As a partner at Jirsch Sutherland, a specialist insolvency, forensic accounting and turnaround business, Bradd Morelli has been the liquidator of a large number of SPVs where the Producer Offset has been successfully claimed.

Below, he outlines the key steps to ensure smart cash flow for those in the creative industries.

Lumpy cash flow is the cycle of life for many people in the creative industries. Large invoices paid at irregular intervals can often make you feel broke one day and rich the next. But a little planning can smooth out your cash flow to create certainty in your financial life.

Payday

In your bank is a lovely big deposit. What now? Buy a car? Pay off debts? Treat yourself to a holiday?  

You could do that or you could speak to your accountant or financial advisor. Their business is managing money and cash flow and their support to get you the most from your income will pay dividends. Accountants and financial advisors work with all types of people to develop and implement plans to help you succeed financially. They can also provide sound advice when you need to make decisions about investing, setting financial goals, sourcing finance and expanding your business. 

So first speak with your accountant or financial advisor about how they can work with you to prepare for the cash flow peaks and troughs. 

Know your financial starting point

1. Figure out your likely income over the next few months.

You have just earned a lump sum, but when is the next project and when will it pay? Will it last until the next payday or do you have an alternate income stream to get through the dry period?  

2. Know what your costs are to live each month.

How much are your costs for rent, food, insurance, clothing, education, utilities etc?
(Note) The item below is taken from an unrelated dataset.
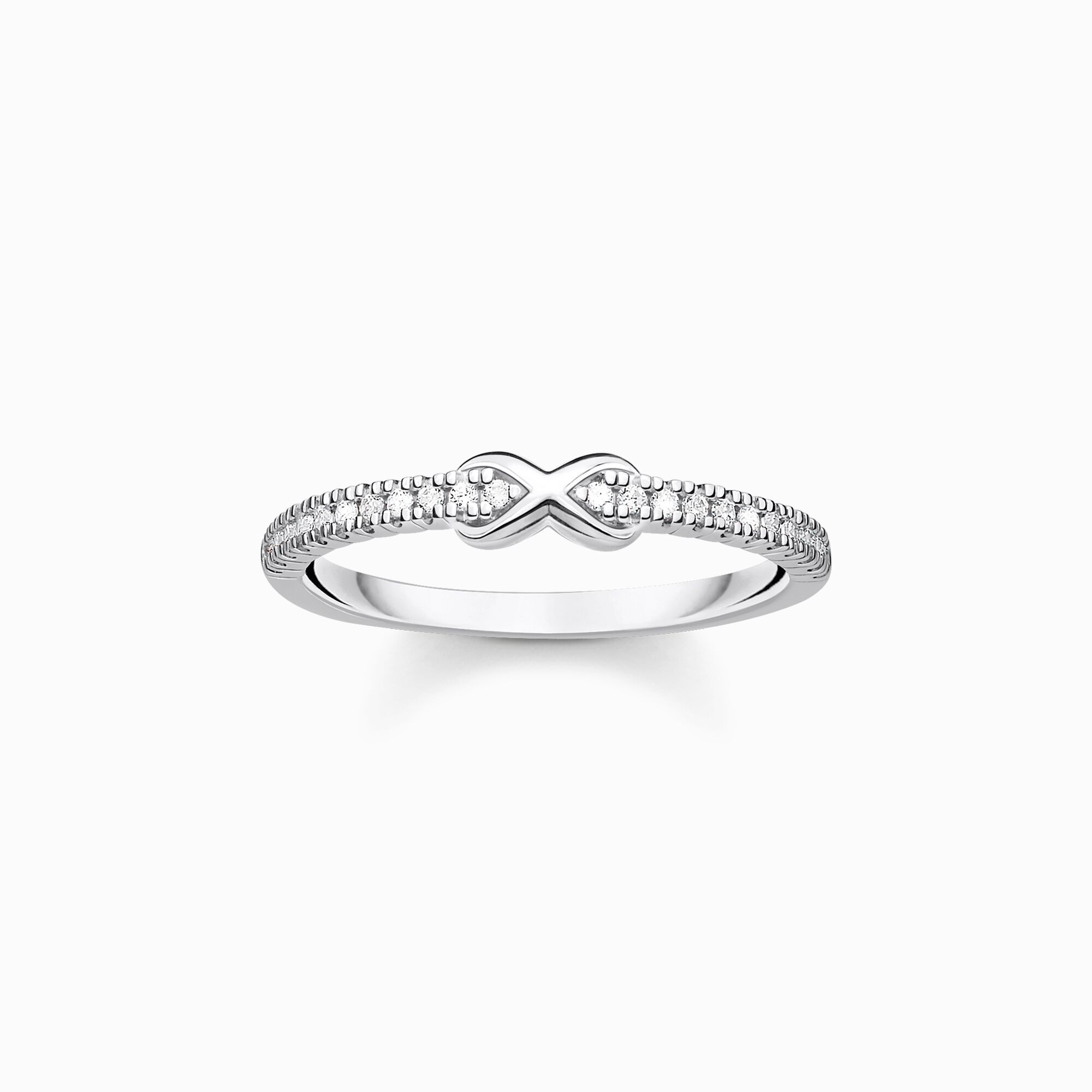 A piece of jewellery to dream about! Show self-love or a loved one endless affection by selecting our infinity ring! Elaborately handcrafted from high-quality 925 Sterling silver, the ring for women impresses with a fine appearance and its many sparkling white zirconia stones set in pavé. Combined with some other rings from the Charming Collection, cool Ring Stacking-Styles are created. Also as individual piece on the finger, this ring sparkles wonderfully & thereby, attracts all eyes. Get this silver ring right away and be inspired by its romantic spirit.

Work out the minimum you need, and then add some buffer as a comfort factor. 

3. How many months do you need to support yourself?

Set aside money to pay yourself a regular monthly salary. 

4. Set up a monthly payment plan. 

Speak to someone who can help set up a payment plan to pay yourself automatically like an employee. Your accountant or financial adviser can also help you set aside money for taxes, GST or BAS if they apply. Alternatively, you could transfer your money into an online high interest savings account and pay yourself a monthly ‘salary’. Choose one with a notice period to access the funds to avoid impulsive spending.

5. Negotiate a better deal.

Lump sums make cash flow hard. Negotiate your contract to split up invoice payments with partial pre-payments, staged payments or draw-downs against milestones.  

6. Pay your bills and creditors thoughtfully.

Bills have credit terms. Don’t pay a 30-day account on day one. Use the credit terms to smooth out your own cash flow by paying only when you have to. Perhaps use a credit card to effectively gain another 30 days to pay. 

7. Have an emergency fund.

Peaks and troughs are expected, but what about if you need to take time off or are unable to work for a period of time? Having an emergency fund of at least three months living costs in a separate account is a great way to ensure you are always prepared and will help you sleep better at night.

8. Get professional advice.

Get your accountant or financial advisor to help you action your plan.  

What to do if you run out of cash?

If the job you were relying on falls through, how will you survive before crunch time? Sometimes the best laid plans can go awry making it necessary to plan in advance for all situations.

Seek professional advice on your options at the earliest opportunity if the worst does happen and you run out of cash, particularly if you need to consider voluntary administration, liquidation, bankruptcy, or a personal insolvency agreement.